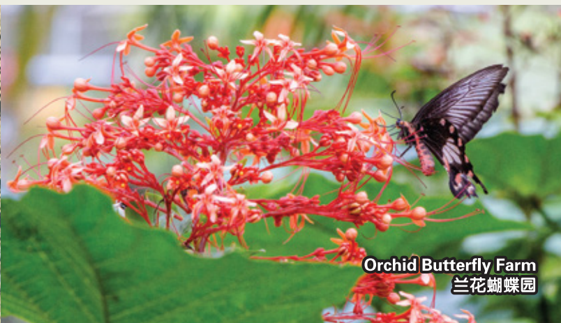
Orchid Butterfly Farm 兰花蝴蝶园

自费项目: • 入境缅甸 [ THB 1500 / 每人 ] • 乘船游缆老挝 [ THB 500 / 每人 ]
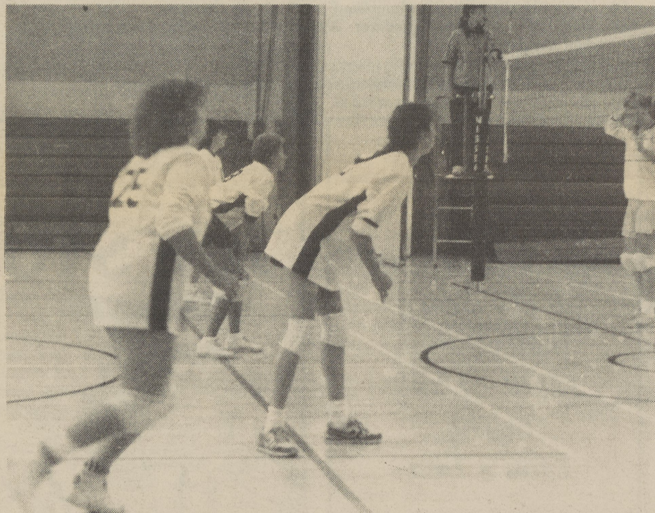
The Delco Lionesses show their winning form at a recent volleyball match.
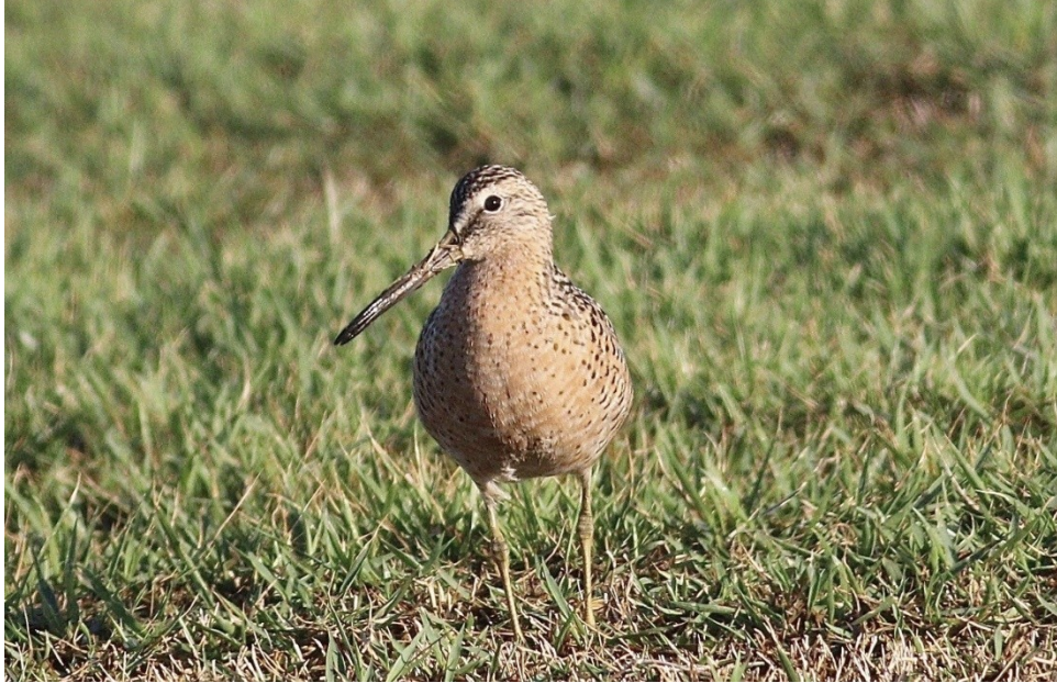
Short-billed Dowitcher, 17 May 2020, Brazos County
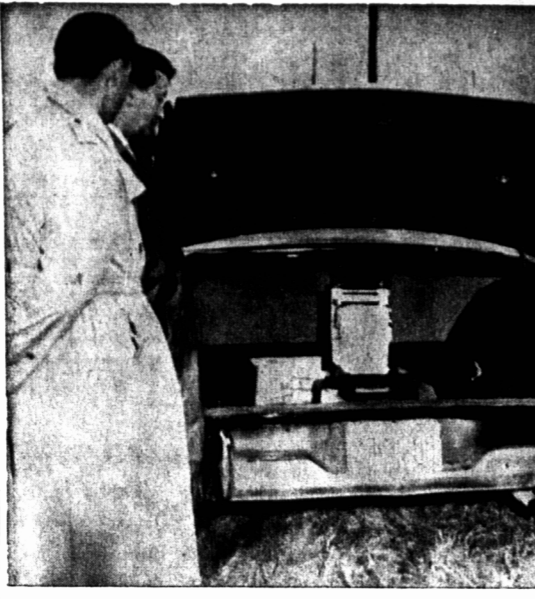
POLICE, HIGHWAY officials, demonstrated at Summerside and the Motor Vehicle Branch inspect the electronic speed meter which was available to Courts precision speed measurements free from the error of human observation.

* * *

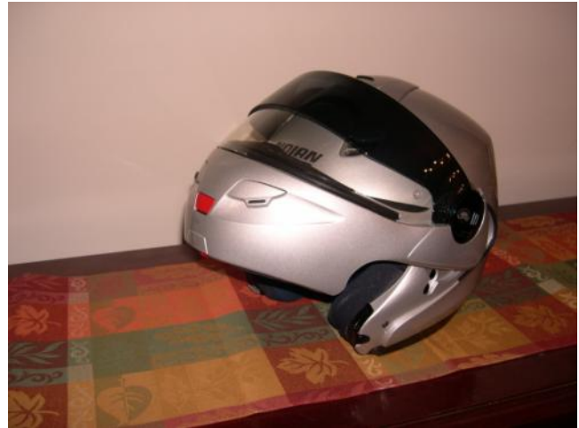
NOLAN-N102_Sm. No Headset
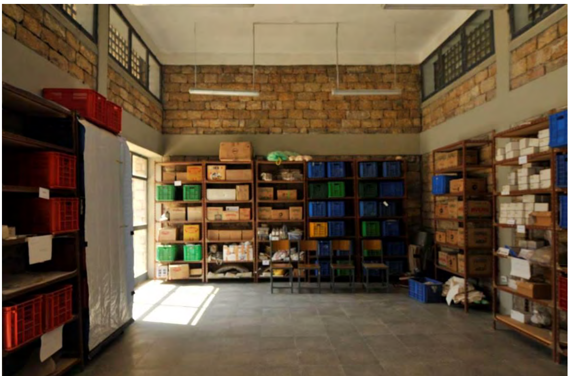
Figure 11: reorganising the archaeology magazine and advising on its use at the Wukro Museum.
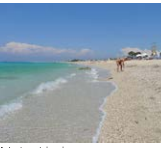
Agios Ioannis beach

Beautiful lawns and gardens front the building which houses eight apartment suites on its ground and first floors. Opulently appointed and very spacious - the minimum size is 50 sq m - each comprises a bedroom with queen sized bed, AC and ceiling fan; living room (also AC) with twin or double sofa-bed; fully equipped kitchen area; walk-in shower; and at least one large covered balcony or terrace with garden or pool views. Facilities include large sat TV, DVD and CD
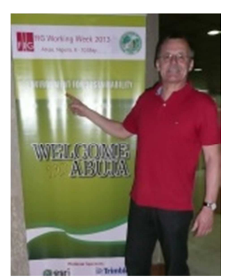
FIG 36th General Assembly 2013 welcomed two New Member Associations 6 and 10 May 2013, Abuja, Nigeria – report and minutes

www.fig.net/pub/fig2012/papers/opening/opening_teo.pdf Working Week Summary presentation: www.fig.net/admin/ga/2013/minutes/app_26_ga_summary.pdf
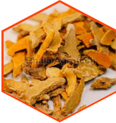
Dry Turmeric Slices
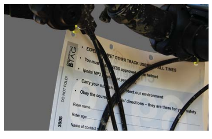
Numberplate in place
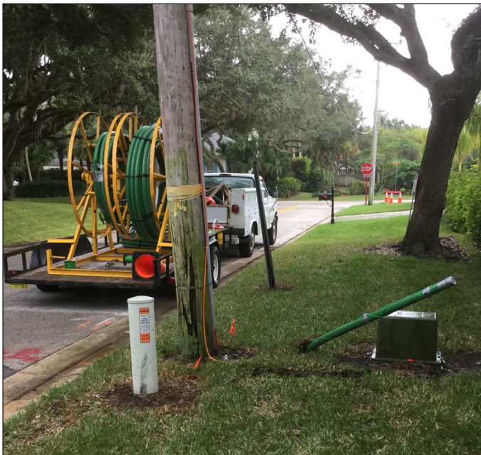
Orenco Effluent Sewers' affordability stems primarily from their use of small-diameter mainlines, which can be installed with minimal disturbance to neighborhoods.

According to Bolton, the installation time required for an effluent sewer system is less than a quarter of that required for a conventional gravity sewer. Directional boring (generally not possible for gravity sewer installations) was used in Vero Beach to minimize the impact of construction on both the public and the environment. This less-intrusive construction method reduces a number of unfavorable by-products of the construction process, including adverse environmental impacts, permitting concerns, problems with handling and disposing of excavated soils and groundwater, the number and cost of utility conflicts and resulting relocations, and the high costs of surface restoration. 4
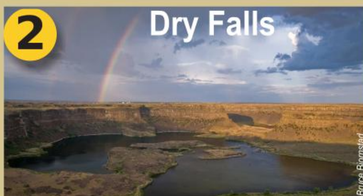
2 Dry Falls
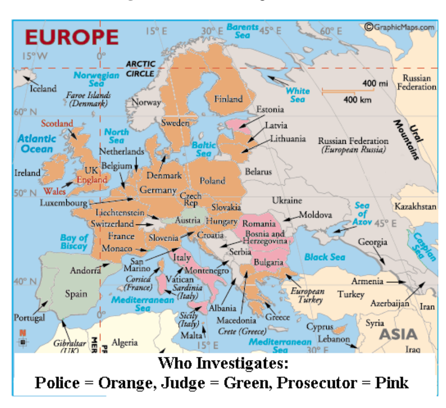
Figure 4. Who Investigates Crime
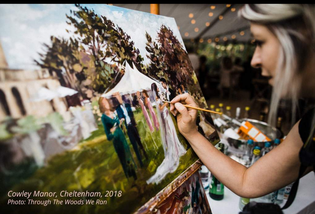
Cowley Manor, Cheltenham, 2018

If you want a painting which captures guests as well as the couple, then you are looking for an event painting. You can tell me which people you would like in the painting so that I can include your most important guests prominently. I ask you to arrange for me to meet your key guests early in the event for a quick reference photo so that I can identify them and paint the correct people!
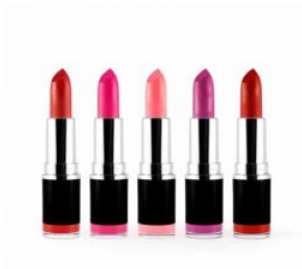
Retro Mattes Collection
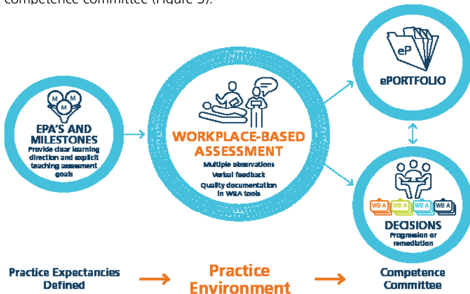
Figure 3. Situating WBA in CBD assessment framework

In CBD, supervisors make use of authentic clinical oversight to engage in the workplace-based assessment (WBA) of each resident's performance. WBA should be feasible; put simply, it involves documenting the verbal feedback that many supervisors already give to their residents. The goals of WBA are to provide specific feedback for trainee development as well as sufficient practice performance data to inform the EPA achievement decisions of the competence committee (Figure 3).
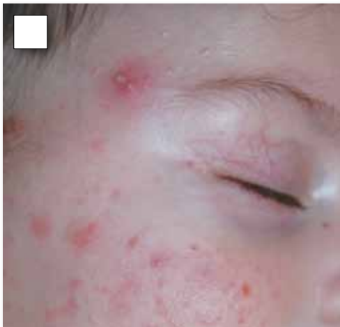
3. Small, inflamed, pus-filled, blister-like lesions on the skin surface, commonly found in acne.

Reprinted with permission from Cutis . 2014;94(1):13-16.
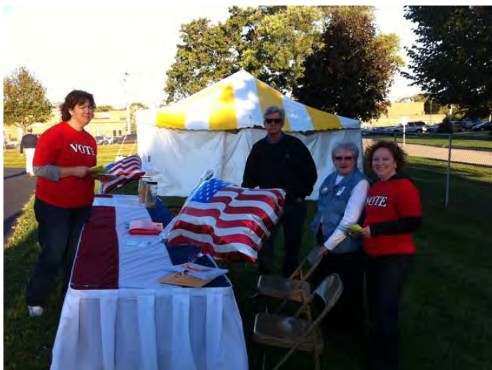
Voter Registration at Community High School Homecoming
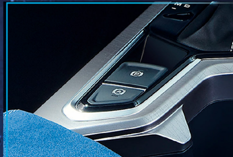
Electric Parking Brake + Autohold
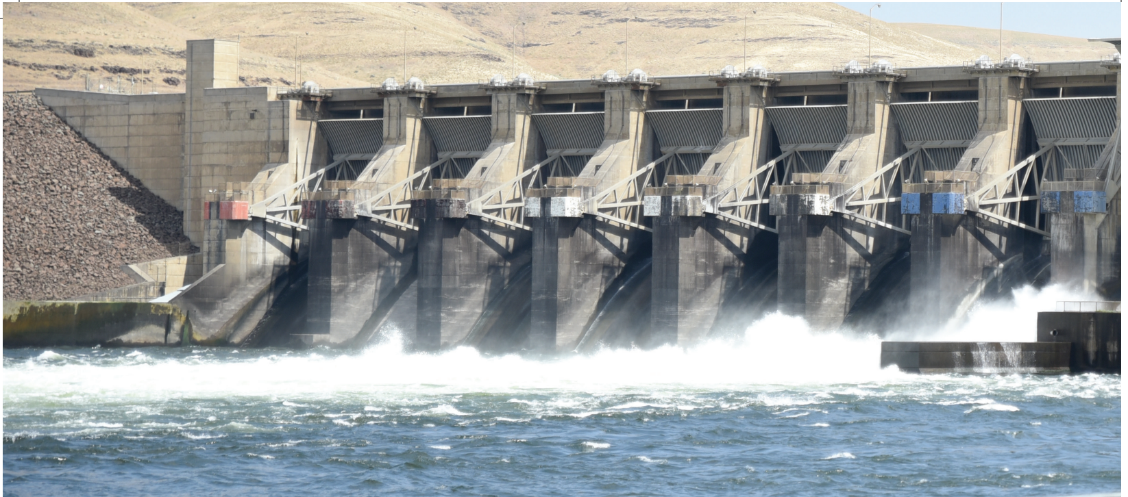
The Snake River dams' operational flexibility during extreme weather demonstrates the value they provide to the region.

* * *

Report back each line in the material above that contains the string "from".

POLICE, HIGHWAY officials, demonstrated at Summerside and the Motor Vehicle Branch inspect the electronic speed meter which was available to Courts precision speed measurements free from the error of human observation.
Orenco Effluent Sewers' affordability stems primarily from their use of small-diameter mainlines, which can be installed with minimal disturbance to neighborhoods.
Reprinted with permission from Cutis . 2014;94(1):13-16.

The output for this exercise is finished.